Tst define como serão julgados casos sobre fgts
O Tribunal Superior do Trabalho (TST) determinou que os pedidos de movimentação do FGTS ...
O Tribunal Superior do Trabalho (TST) determinou que os pedidos de movimentação do FGTS relacionados ao fim ou à suspensão do contrato de trabalho sejam julgados pela Justiça do Trabalho. As demais hipóteses passam a ser de competência da Justiça comum estadual ou federal, conforme o caso.
Em junho, 1.581.302 empregadores estavam em débito aberto com o FGTS, somando 11.396.151 vínculos de trabalho afetados e R$ 12,65 bilhões devidos, segundo dados do sistema FGTS Digital, obtidos por meio do Fala BR, da Controladoria-Geral da União.
O entendimento altera a jurisprudência consolidada no próprio TST. Até então, prevalecia o entendimento de que a Justiça do Trabalho julgava praticamente todas essas ações. O Superior Tribunal de Justiça (STJ) entendia o contrário, o que gerava insegurança jurídica.
O relator, ministro Cláudio Brandão, apontou dois grandes grupos de situações. O primeiro reúne os casos diretamente ligados ao contrato de trabalho, que incluem dispensa sem justa causa, rescisão indireta, acordo entre empregado e empregador ou encerramento das atividades da empresa. Como nesses casos a motivação do saque decorre de questões trabalhistas, é a Justiça do Trabalho que determina a liberação dos valores.
Via administrativa
O segundo grupo abrange hipóteses que independem do contrato: doença grave, aposentadoria, morte do trabalhador, financiamento habitacional e calamidade pública. Nesses casos, o juiz precisa apenas verificar se o trabalhador cumpre os requisitos da lei.

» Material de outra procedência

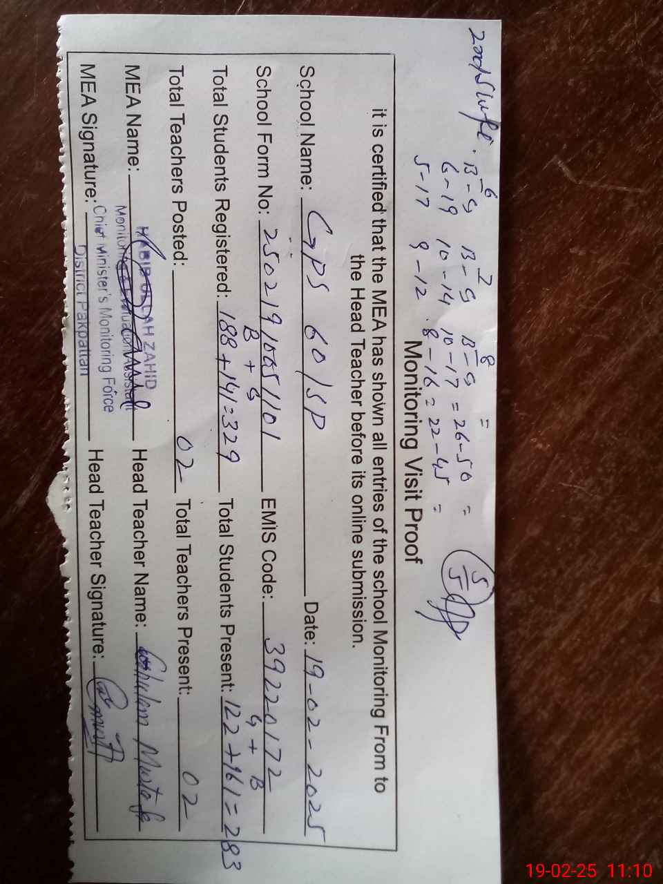 | Attendance Register | Head Teacher | MEA with School | Visit Proof |

Como não envolve questão trabalhista, a competência passa a ser da Justiça comum.
Na prática, porém, o trabalhador não precisa ir à Justiça para sacar o FGTS. A via normal continua sendo o pedido administrativo na Caixa.
" Todo levantamento de Fundo de Garantia pode ser pedido por via administrativa. Se houver uma negativa, aí sim você pode recorrer à Justiça. Se vou comprar um imóvel, vou direto na Caixa, apresento a documentação e peço a liberação " explica a advogada Larissa Escuder, especialista em Direito do Trabalho.
A decisão não cria nem elimina situações em que o saque é permitido. Ela apenas define qual ramo do Judiciário vai analisar o caso quando houver disputa.
" A medida só regulamentou quem vai julgar, se você precisar entrar com uma ação " afirma Larissa.
Os casos em que o FGTS está atrasado ou não é depositado são julgados pela Justiça do Trabalho. Nesse caso, o trabalhador denuncia a irregularidade, pede a rescisão indireta com base nela e, se o pedido for julgado procedente, saca os valores.
Outra situação é quando o trabalhador entende que a empresa deu justo motivo para o fim do contrato. Nesse caso, é possível fazer a rescisão indireta, o que popularmente se chama de "demitir a empresa".
" Mas se o pedido for recusado pela Justiça, é considerado pedido de demissão, e aí a pessoa não consegue levantar o Fundo de Garantia " explica a advogada.
O TST estabeleceu uma regra de transição. Os processos em que já havia sentença até a publicação do acórdão permanecem na Justiça do Trabalho até o fim do processo e da execução. A nova orientação vale para os demais casos.